*TASK DESCRIPTION*:
Please keep pictures out and return the lines below exactly, from the one holding "- Connect the" through the last, both included.
══ DATA
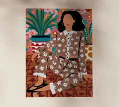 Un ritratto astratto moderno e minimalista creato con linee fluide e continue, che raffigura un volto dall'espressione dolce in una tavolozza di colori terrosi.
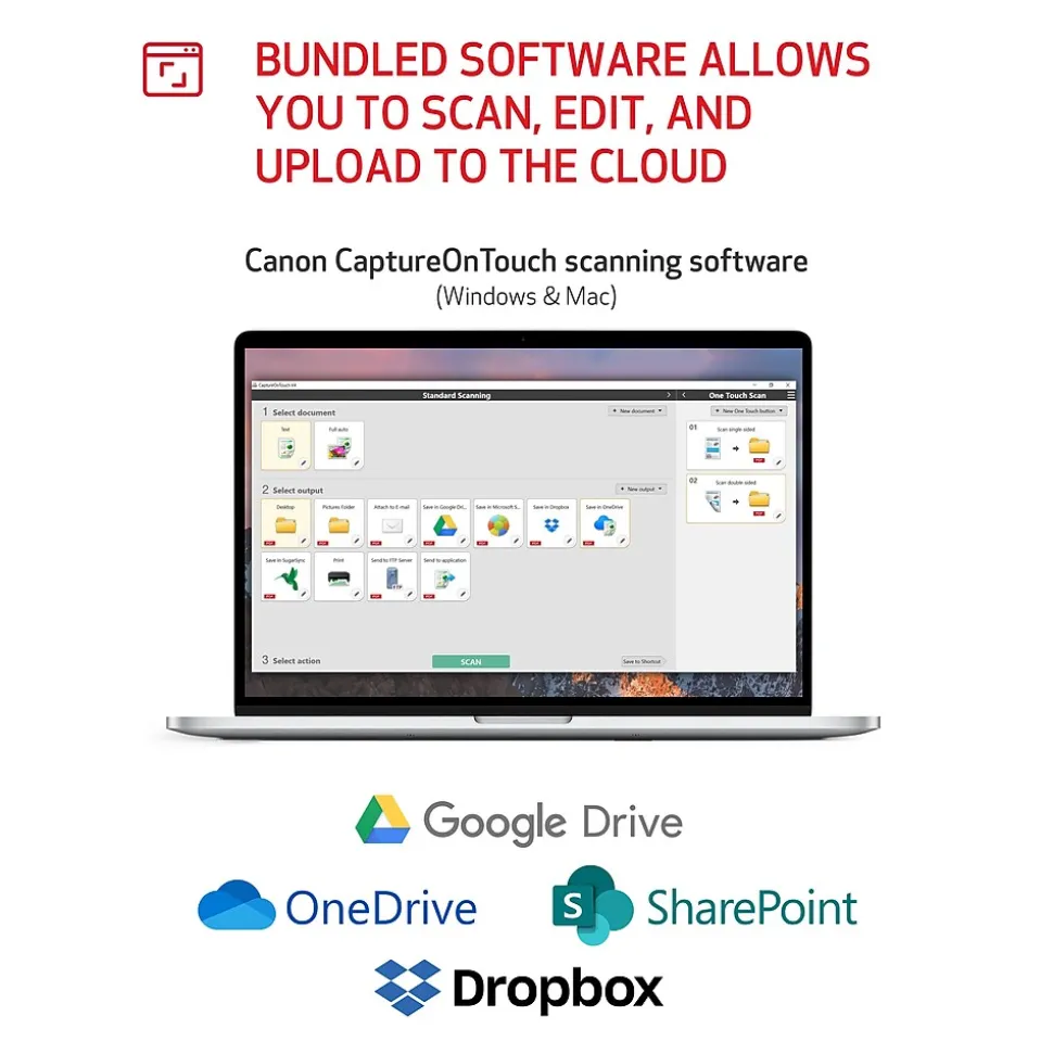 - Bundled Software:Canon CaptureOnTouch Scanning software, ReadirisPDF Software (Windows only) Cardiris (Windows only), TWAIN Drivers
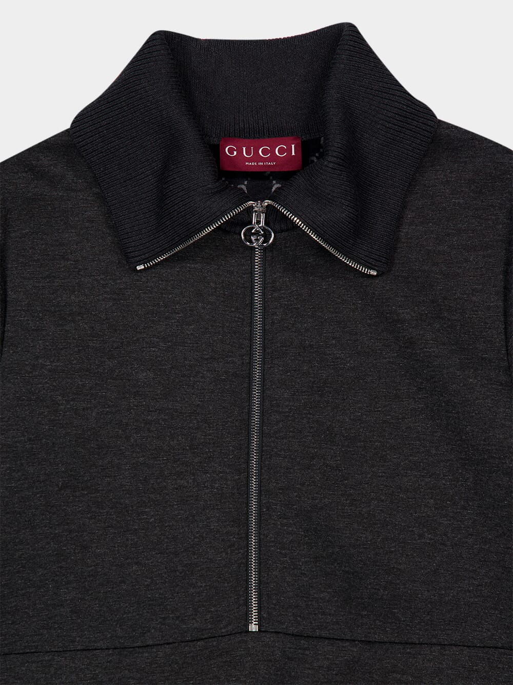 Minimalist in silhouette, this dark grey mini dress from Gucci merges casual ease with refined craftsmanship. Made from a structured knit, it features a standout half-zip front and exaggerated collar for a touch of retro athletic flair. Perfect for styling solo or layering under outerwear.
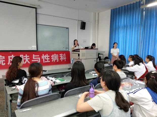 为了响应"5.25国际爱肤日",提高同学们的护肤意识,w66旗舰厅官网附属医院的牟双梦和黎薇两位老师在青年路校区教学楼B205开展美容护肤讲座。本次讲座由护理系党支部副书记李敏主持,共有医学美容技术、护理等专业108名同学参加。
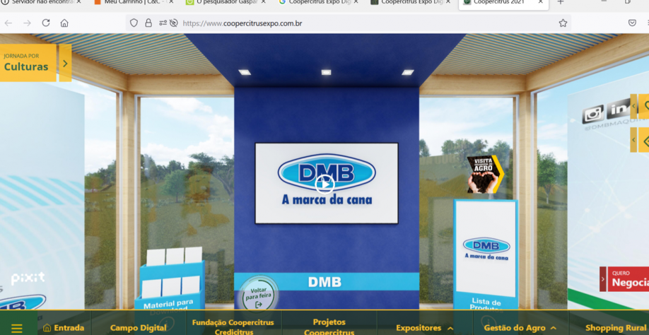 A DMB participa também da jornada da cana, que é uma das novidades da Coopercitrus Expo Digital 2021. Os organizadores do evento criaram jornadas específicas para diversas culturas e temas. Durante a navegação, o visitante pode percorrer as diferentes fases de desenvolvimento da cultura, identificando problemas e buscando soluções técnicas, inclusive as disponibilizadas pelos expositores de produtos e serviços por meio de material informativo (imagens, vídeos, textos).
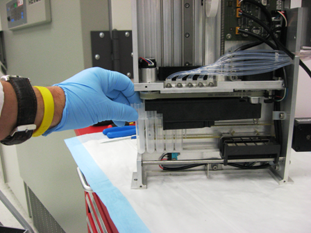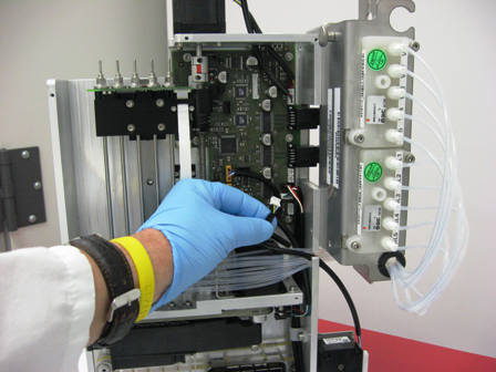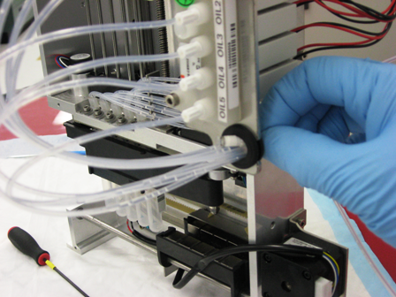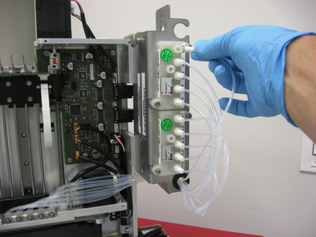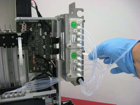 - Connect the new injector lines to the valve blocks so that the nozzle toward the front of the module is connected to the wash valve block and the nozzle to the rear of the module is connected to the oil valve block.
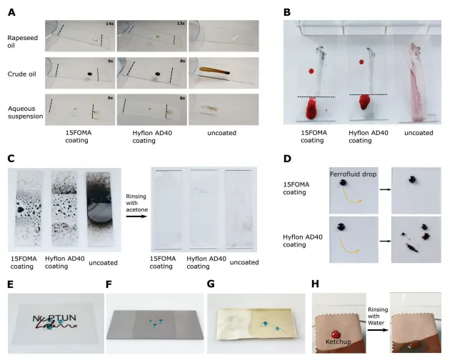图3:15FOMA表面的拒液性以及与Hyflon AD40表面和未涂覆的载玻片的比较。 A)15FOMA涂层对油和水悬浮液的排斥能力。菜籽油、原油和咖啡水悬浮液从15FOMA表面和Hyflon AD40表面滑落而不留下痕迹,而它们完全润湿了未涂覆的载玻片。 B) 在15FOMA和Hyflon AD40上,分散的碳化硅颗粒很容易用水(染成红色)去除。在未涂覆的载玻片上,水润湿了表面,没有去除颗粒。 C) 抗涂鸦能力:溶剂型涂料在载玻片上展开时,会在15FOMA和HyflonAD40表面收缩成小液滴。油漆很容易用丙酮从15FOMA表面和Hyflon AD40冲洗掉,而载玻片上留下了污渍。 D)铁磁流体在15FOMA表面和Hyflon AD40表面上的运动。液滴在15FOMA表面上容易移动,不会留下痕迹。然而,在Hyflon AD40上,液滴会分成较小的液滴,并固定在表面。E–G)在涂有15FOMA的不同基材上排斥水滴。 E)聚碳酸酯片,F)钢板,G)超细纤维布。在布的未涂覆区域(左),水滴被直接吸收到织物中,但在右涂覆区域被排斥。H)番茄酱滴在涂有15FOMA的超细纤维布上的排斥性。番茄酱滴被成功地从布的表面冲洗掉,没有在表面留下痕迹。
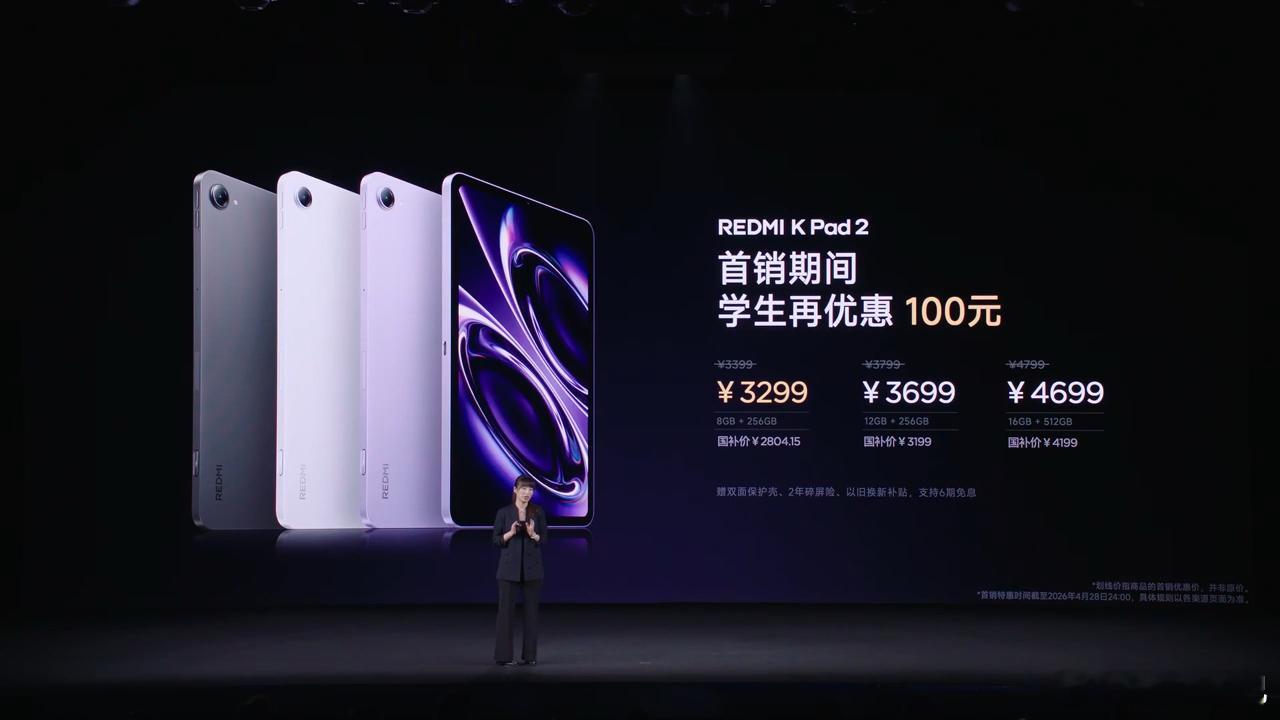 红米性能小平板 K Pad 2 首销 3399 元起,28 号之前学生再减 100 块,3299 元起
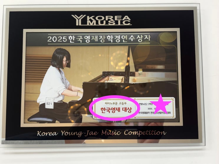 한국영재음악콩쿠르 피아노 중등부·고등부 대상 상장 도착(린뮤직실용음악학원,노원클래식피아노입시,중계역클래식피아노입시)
════
*EXPECTED OUTPUT*:
 - Connect the new injector lines to the valve blocks so that the nozzle toward the front of the module is connected to the wash valve block and the nozzle to the rear of the module is connected to the oil valve block.
图3:15FOMA表面的拒液性以及与Hyflon AD40表面和未涂覆的载玻片的比较。 A)15FOMA涂层对油和水悬浮液的排斥能力。菜籽油、原油和咖啡水悬浮液从15FOMA表面和Hyflon AD40表面滑落而不留下痕迹,而它们完全润湿了未涂覆的载玻片。 B) 在15FOMA和Hyflon AD40上,分散的碳化硅颗粒很容易用水(染成红色)去除。在未涂覆的载玻片上,水润湿了表面,没有去除颗粒。 C) 抗涂鸦能力:溶剂型涂料在载玻片上展开时,会在15FOMA和HyflonAD40表面收缩成小液滴。油漆很容易用丙酮从15FOMA表面和Hyflon AD40冲洗掉,而载玻片上留下了污渍。 D)铁磁流体在15FOMA表面和Hyflon AD40表面上的运动。液滴在15FOMA表面上容易移动,不会留下痕迹。然而,在Hyflon AD40上,液滴会分成较小的液滴,并固定在表面。E–G)在涂有15FOMA的不同基材上排斥水滴。 E)聚碳酸酯片,F)钢板,G)超细纤维布。在布的未涂覆区域(左),水滴被直接吸收到织物中,但在右涂覆区域被排斥。H)番茄酱滴在涂有15FOMA的超细纤维布上的排斥性。番茄酱滴被成功地从布的表面冲洗掉,没有在表面留下痕迹。
 红米性能小平板 K Pad 2 首销 3399 元起,28 号之前学生再减 100 块,3299 元起
 한국영재음악콩쿠르 피아노 중등부·고등부 대상 상장 도착(린뮤직실용음악학원,노원클래식피아노입시,중계역클래식피아노입시)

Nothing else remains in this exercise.